Contaminations in the order Mesostigmata are mostly from plant or insect specimens. For example, in the family Phytoseiidae which harbors most common plant inhabiting predatory mites [35], 38/48 of contaminated contigs are from projects of Magnoliopsida.
In the hyporder Parasitengona (Trombidiformes, Anystina), insect specimens are the predominant sources of contamination, although just a few contigs were detected in the following four families: Trombidiidae (7 contigs), Arrenuridae (7 contigs), Hydrachnidae (7 contigs) and Erythraeidae (12 contigs). Interestingly, in the family Erythraeidae, half of the contigs are from Arachnida assemblies. This is consistent with the reports that Parasitengona larvae can parasite on arthropods, such as larvae of Erythraeidae parasitic on spiders (Arachnida, Araneae) [36] and Harvestmen (Arachnida, Opiliones) [37].

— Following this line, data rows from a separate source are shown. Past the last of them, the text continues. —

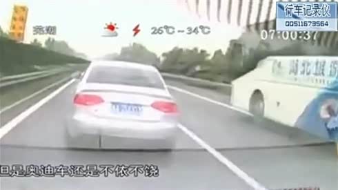 监控实拍:强行超车未果 奥迪车高速公路上“斗气” 疯狂别车...
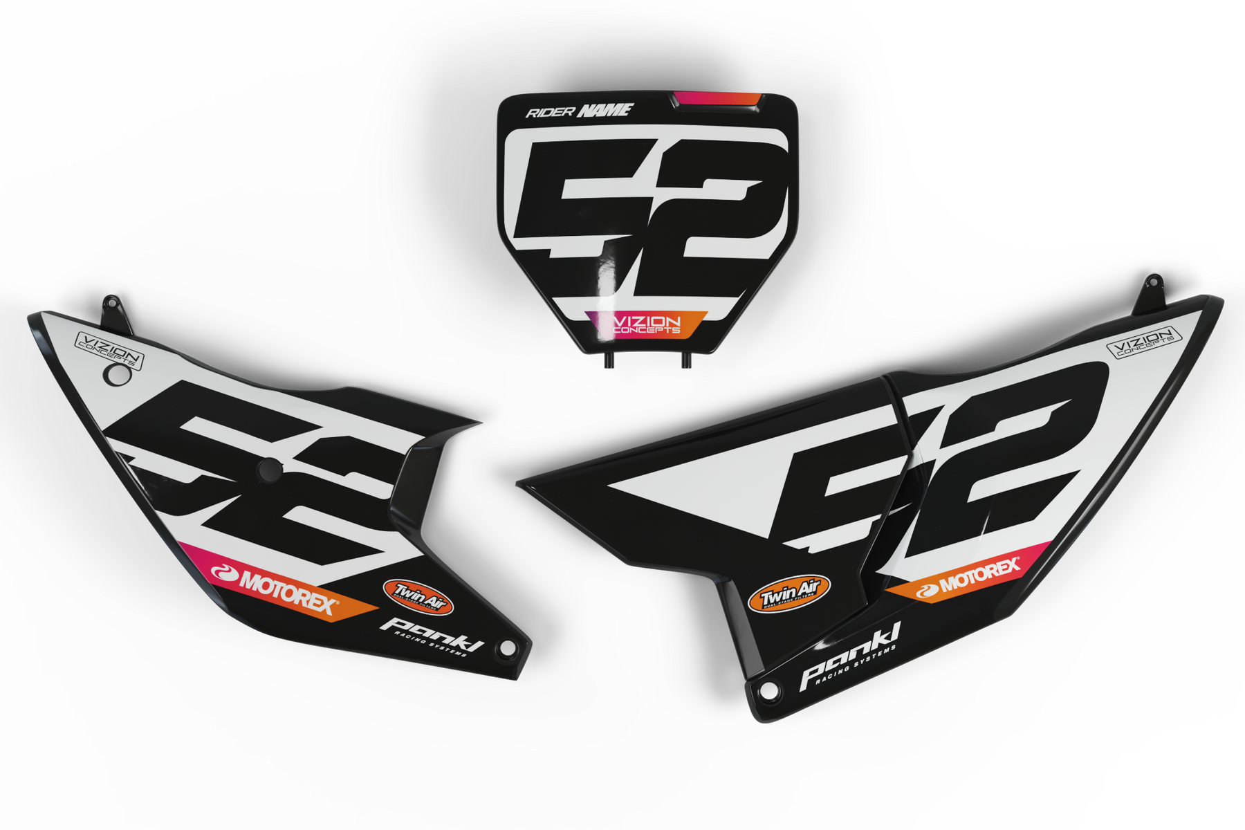 Turn heads with the Electric Pre-Designed Number Plates, built for Husqvarna riders who want a clean factory look with a modern pop of colour. Featuring bold white numbers on black backgrounds, accented with gradient electric streaks, this set delivers that race-ready style straight out of the box.
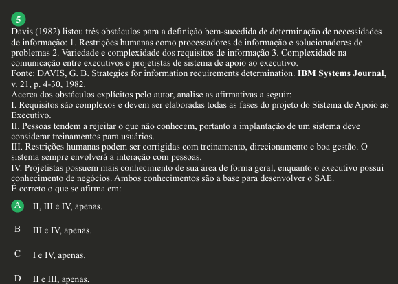 5 Davis (1982) listou três obstáculos para a definição bem-sucedida de determinação de necessidades de informação: 1. Restrições humanas como processadores de informação e solucionadores de problemas 2. Variedade e complexidade dos requisitos de informação 3. Complexidade na comunicação entre executivos e projetistas de sistema de apoio ao executivo. Fonte: DAVIS, G.B. Strategies for information requirements determination. IBM Systems Journal, V. 21, p. 4-30, 1982. Acerca dos obstáculos explicitos pelo autor, analise as afirmativas a seguir: I. Requisitos são complexos e devem ser elaboradas todas as fases do projeto do Sistema de Apoio ao Executivo. II. Pessoas tendem a rejeitar que não conhecem, portanto a implantação de um sistema deve considerar treinamentos para III. Restrições humanas podem ser corrigidas com treinamento, direcionamento e boa gestão. O sistema sempre a interação com pessoas. IV. Projetistas possuem mais conhecimento de sua area de forma geral, enquanto executivo possui conhecimento de negócios. Ambos conhecimentos são a base para desenvolver SAE. correto que se afirma em: A II, III e IV, apenas. B III e IV, apenas. C I e IV, apenas. D II e III, apenas.
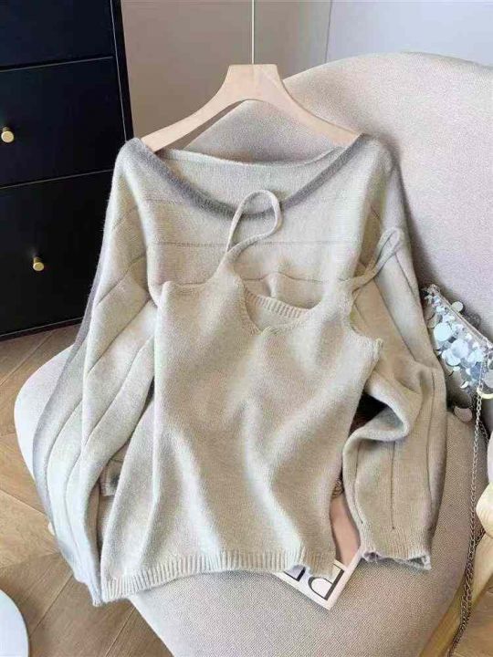 秋季新品美拉德色系宽松胖mm设计感长袖针织衫+冰丝吊带背心两件套,独立包装,均码面料柔软舒适,1145套,全清7.9元超低价秒杀!分货加一!
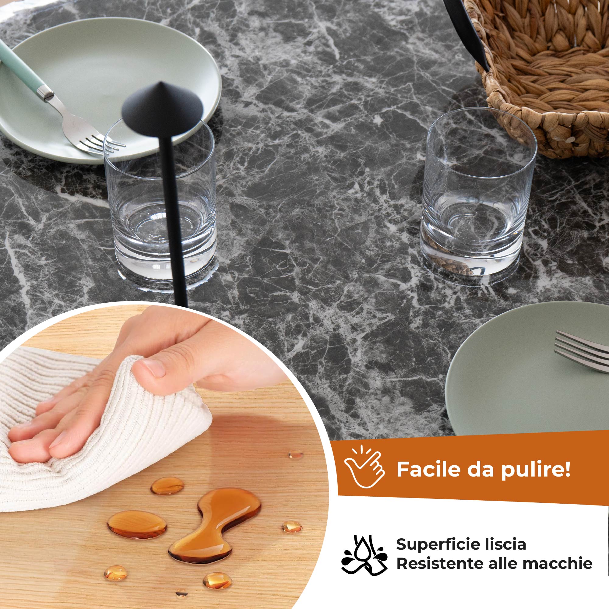 ✔️ Lo spessore è di 1,2 mm, con peso di 1,95 kg/m². La larghezza è di 100 cm e la lunghezza è disponibile a scelta, utilizzando delle forbici avetela possibilità di tagliarlo per adattarsi anche in larghezza al tavolo, qualora non vogliate tagliarlo in larghezza potete sempicemente una volta posizionato sul tavolo modellare i bordi e farli scendere come fosse una comune tovaglia, La pulizia è facilitata: basta un panno umido dopo l’uso e, saltuariamente, un detergente classico.
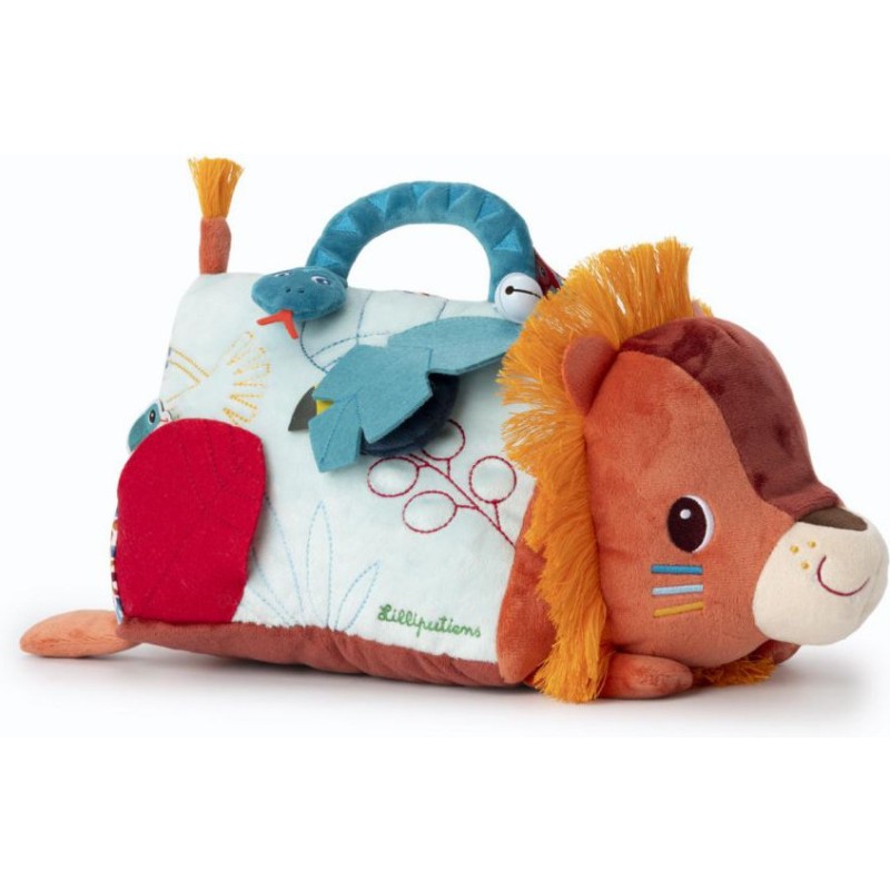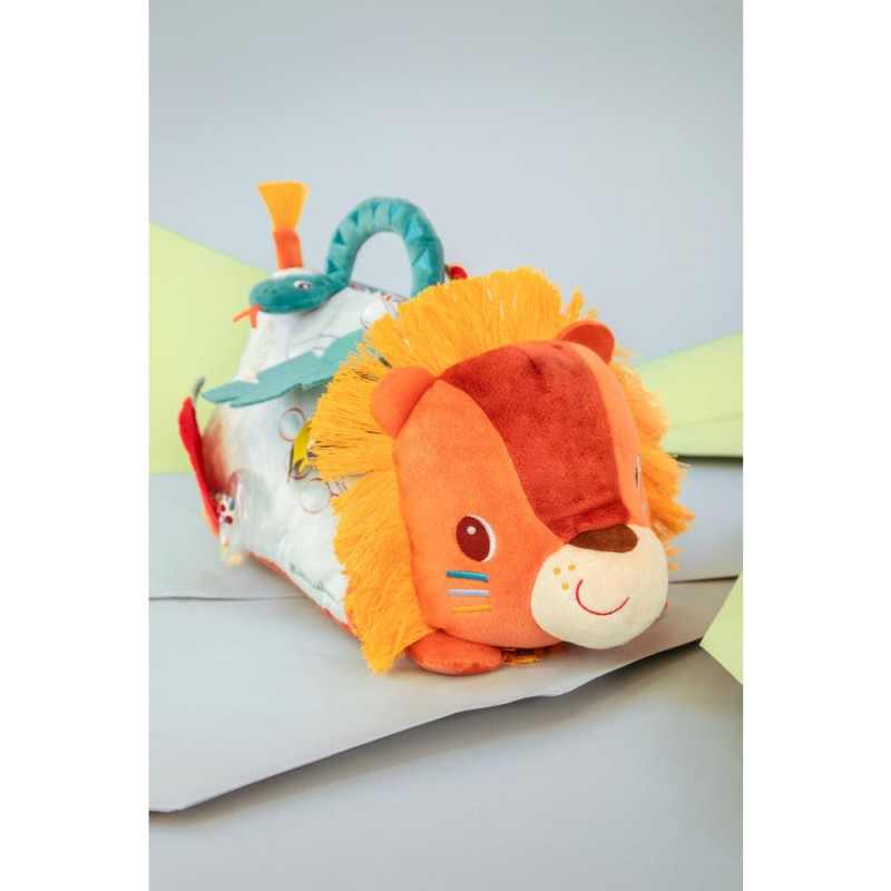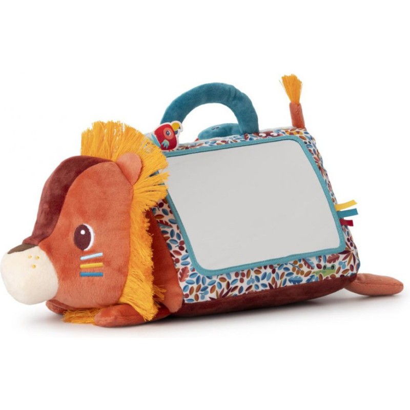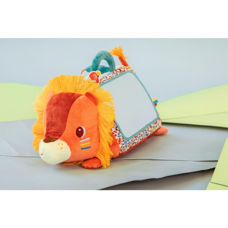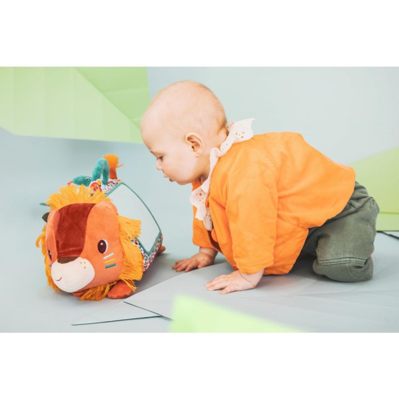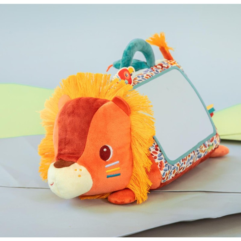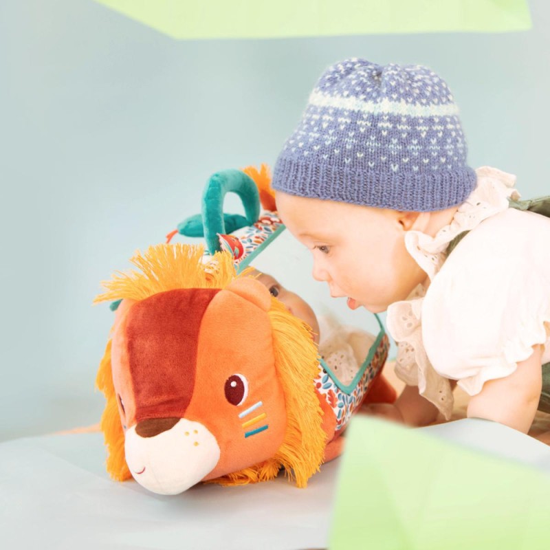 Disponible mi-octobre sur l’eshopBébé se met sur le ventre ? Jack le lion aussi ! Pour amuser et éveiller les plus petits, dès 3 mois, notre lion câlin se présente sous forme de triangle d'activités en tissu avec un grand miroir ! Au programme : 6 activités disponibles de part et d'autre de la peluche, pour de longues heures de jeu et d'éveil sensoriel.

For families in Eleutherengona, the detected contigs are modest: Tarsonemidae (46 contigs), Demodicidae (12 contigs), Tenuipalpidae (14 contigs) and Tetranychidae (98 contigs). Apart from Demodicidae, contaminations of these families are mostly associated with the class Magnoliopsida. Tetranychidae (spider mites) and Tenuipalpidae (false spider mites) are phytophagous and include major agricultural pests, thus are mainly found on plants. In the family Tarsonemidae (white mites), Steneotarsonemus spinki Smiley (rice mite) is a serious pest of rice crops, whereas some other genus/species are found associated with bark beetles [38,39]. We here found a modest percentage of contigs from Pinopsida and Insecta in Tarsonemidae. Demodicidae mites are ubiquitous skin parasites in mammals [40]. However, all 12 Demodicidae contigs here were related to nonmammal. After carefully checking these contigs, we found that all of them had high identities (96–100%) to the human mites (Demodex folliculorum or Demodex brevis) (Table S2); thus, we regard these Demodicidae contigs as fortuitous contaminations by human Demodex mites, and they should not be considered for further mite–host association analysis.
As for the supercohort Eupodina, (Diptilomiopidae (20 contigs) + Eriophyidae (214 contigs) + Phytoptidae (42 contigs) + Tydeidae (22 contigs) + Halacaridae (13 contigs)), most of them are phytophagous; thus, vagrant on host plants. Hence, most of the contaminants of Eupodina are found in assemblies of plants, except in the Halacaridae family. Notably, there were about 40% Halacaridae (marine mites) contigs from Anthozoa; and over 90% of Pinopsida in Phytoptidae.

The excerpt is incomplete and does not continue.